While Crouch is holding out for a great shift in urban culture, one has to wonder about the wisdom of that wish. Everyone can agree that Obama is a great role model to urban youth and urban culture in general, but hoping for this seismic shift is glib and doesn’t acknowledge the critical perspective that urban cultural practitioners can and regularly do bring to the discourse on cities. Obama as cultural-consensus-maker might not be in the best interest of the urban discourse. As in intellectual, he might be more interested in working with difference than in drawing it toward his position – collaboration as opposed to consensus.
University of London PhD candidate Markus Miessen examines the potential of a new type of collaboration in a phenomenal article:
An alternative model of participation within spatial practice will be rendered, one that takes as a starting point an understanding of participation beyond models of consensus. Instead of aiming for synchronization, such model could be based on participation through critical distance and the conscious implementation of zones of conflict.
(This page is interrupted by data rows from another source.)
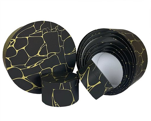 Коробка/набор из 10 шт. КРУГ "Чёрный Мрамор" 35*17,3 4 т.м.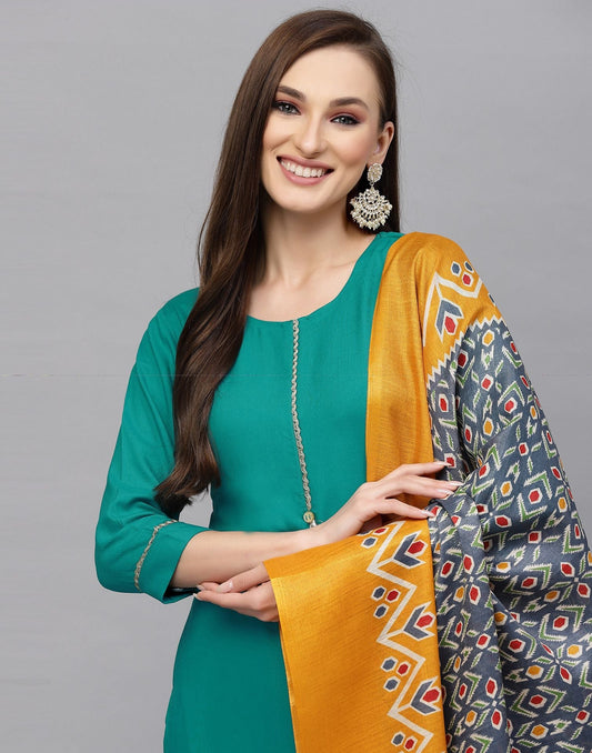 Sky Blue Plain Kurti With Pant And Dupatta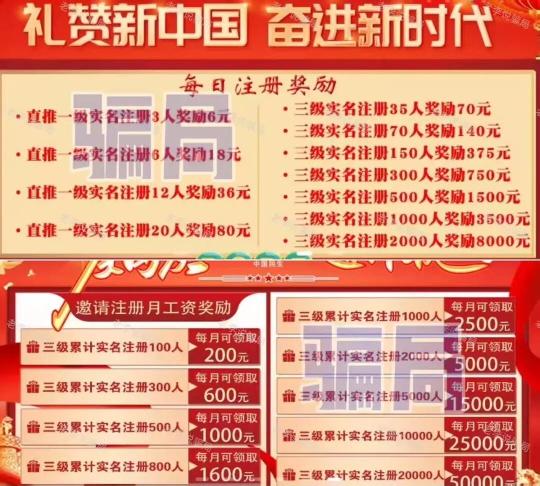 为了达到诈骗目的,谎称实名注册邀请2人后领取“金卡”,即可获得高额国补资产,甚至还可获得每日定涨3元的所谓“国债”。同时利用黄金、房产、现金等诱导参与者拉新。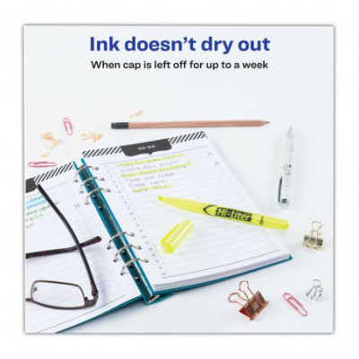 The Smear Safe® feature provides smear protection across most pen, marker and inkjet inks. Durable tip for smooth highlighting- won't fray. Use tip to highlight or underline. Sturdy clip for your pocket, organizer or binder. Cap can be left off for one week without dry-out. Quick-drying. Safe for office, school, or home.

Through cyclical specialization, the future spatial practitioner could arguably be understood as an outsider who–instead of trying to set up or sustain common denominators of consensus, enters existing situations or projects by deliberately instigating conflicts as a micro-political form of critical engagement with the environment that one is operating in.
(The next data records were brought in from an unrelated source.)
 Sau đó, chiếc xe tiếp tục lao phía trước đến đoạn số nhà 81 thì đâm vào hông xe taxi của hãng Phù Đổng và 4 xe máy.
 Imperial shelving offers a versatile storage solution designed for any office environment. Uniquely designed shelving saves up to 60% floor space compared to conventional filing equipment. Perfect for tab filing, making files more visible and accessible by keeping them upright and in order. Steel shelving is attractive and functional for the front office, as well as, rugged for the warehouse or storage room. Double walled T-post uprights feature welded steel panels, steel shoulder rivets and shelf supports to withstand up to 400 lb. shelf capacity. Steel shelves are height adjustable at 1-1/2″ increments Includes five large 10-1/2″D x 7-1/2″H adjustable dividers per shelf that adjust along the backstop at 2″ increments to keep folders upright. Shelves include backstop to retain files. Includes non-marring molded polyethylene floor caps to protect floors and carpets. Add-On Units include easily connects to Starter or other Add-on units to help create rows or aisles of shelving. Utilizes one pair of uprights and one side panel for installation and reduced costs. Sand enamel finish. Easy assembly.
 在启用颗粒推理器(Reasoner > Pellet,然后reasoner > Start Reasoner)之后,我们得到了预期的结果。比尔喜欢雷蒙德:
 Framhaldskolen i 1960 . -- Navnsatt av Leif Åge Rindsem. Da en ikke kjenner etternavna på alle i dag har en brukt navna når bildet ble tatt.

From a policy perspective, what does Obama need with more people like him when he’s trying to address a different demographic? Instead of encouraging urban youth and urban culture to emulate him, wouldn’t it be more useful for him and for them if on-the-ground representatives from urban culture could advise as post-consensus collaborators to help enrich future urban policy? Is there intellectual wealth in the distance between Obama and the “anti-intellectual stances and the surface styles that repel across all ethnic lines”?
And now, as always, some music.



December 5th, 2008 at 11:12 am
Crouch’s idea that there will be a huge shift merely because of a few pop culture habits Obama exhibited is just silly. They’re hardly going to change Hail to the Chief to a hip hop anthem merely because of our President-elect’s mannerisms, race, or work with urban America. That being said, Crouch’s hopefulness that Obama’s new role will help spur on at least a small change in hip hop is something I think many people can get behind. But we have to remember what sells – it will take a big name to come out of hip hop and be willing to change things up and potentially lose money and fans. An entire culture or music genre can’t be altered any more rapidly than this country can be helped economically. But if Obama’s classy demeanor and attire can get a few guys to, as he said, “pull up their pants” sooner rather than later, then hurrah.
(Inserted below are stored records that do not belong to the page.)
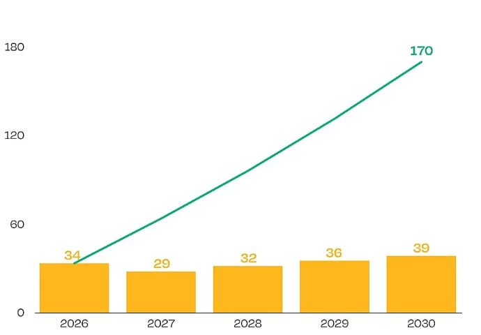 Godišnje i kumulativne uštede u uvozu plina u EU-u zahvaljujući proizvodnji električne energije iz solarnih panela od 2026. do 2030. (u milijardama eura)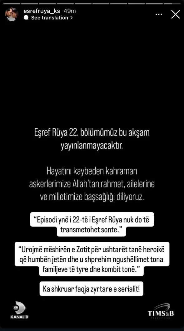 Seriali turk “Eşref Rüya” ka bërë një njoftim të papritur për fansat e tij, duke konfirmuar se episodi i ri i planifikuar për sonte nuk do të transmetohet.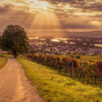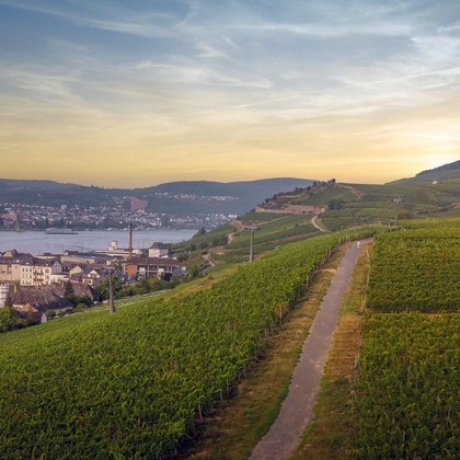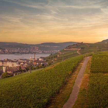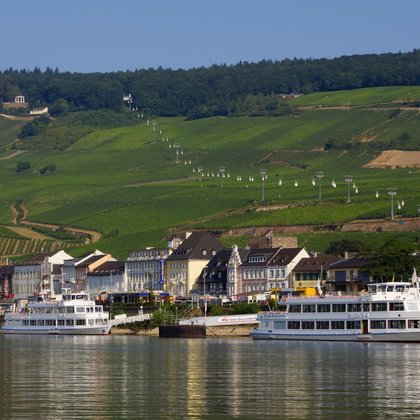 As a leisure and experience hotel centered around wine, we offer, in addition to a wine restaurant, our own vinothek & an in-house bike rental, the perfect starting point for your exploration tours in Rüdesheim, the Rheingau, and the entire UNESCO World Heritage site "Upper Middle Rhine Valley". It is your ideal base for hiking, Nordic walking, or cycling. From here, you can directly access the vineyards or the cable car station, which takes you up to the Niederwalddenkmal with its magnificent panoramic views.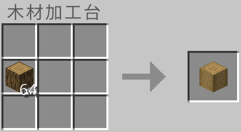 木材系のブロックを加工することができます。さらに、木片に加工するときに通常の2倍の量を作成可能です。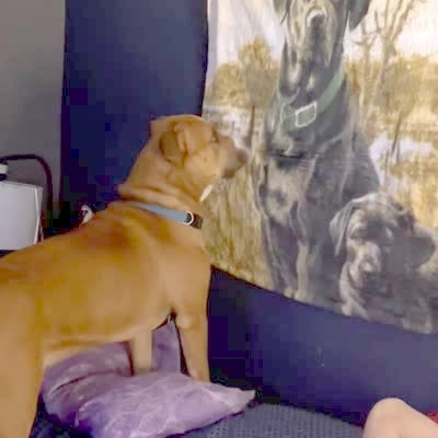 Two dogs bark at the image of two dogs on a wall at home.

December 6th, 2008 at 12:50 pm
Thanks for jumping in Elizabeth,
What I was trying to say is that perhaps this isn’t a situation where one position needs to move further towards the other, so much as one wherein they need to find a discourse where they can be mutually understood from the positions that they occupy.
Later on in that article Miessen says: “Now, I would like to argue that – in order to include the complexity of the city–one also needs to include the conflicting forces of that city. Consensus is only achieved through relationality of powers. One could argue that if such relationality would have been broken, another kind of knowledge would have been produced; one that helps us to understand the composite realities of the contemporary city and the forces at play.”
The value that Hiphop brings to the conversation is precisely that its pants are baggy. As something that creates complexity in the discussion of cities, and is relevant to young America, might it not be better for the discussions that Hiphop remains an alternative voice?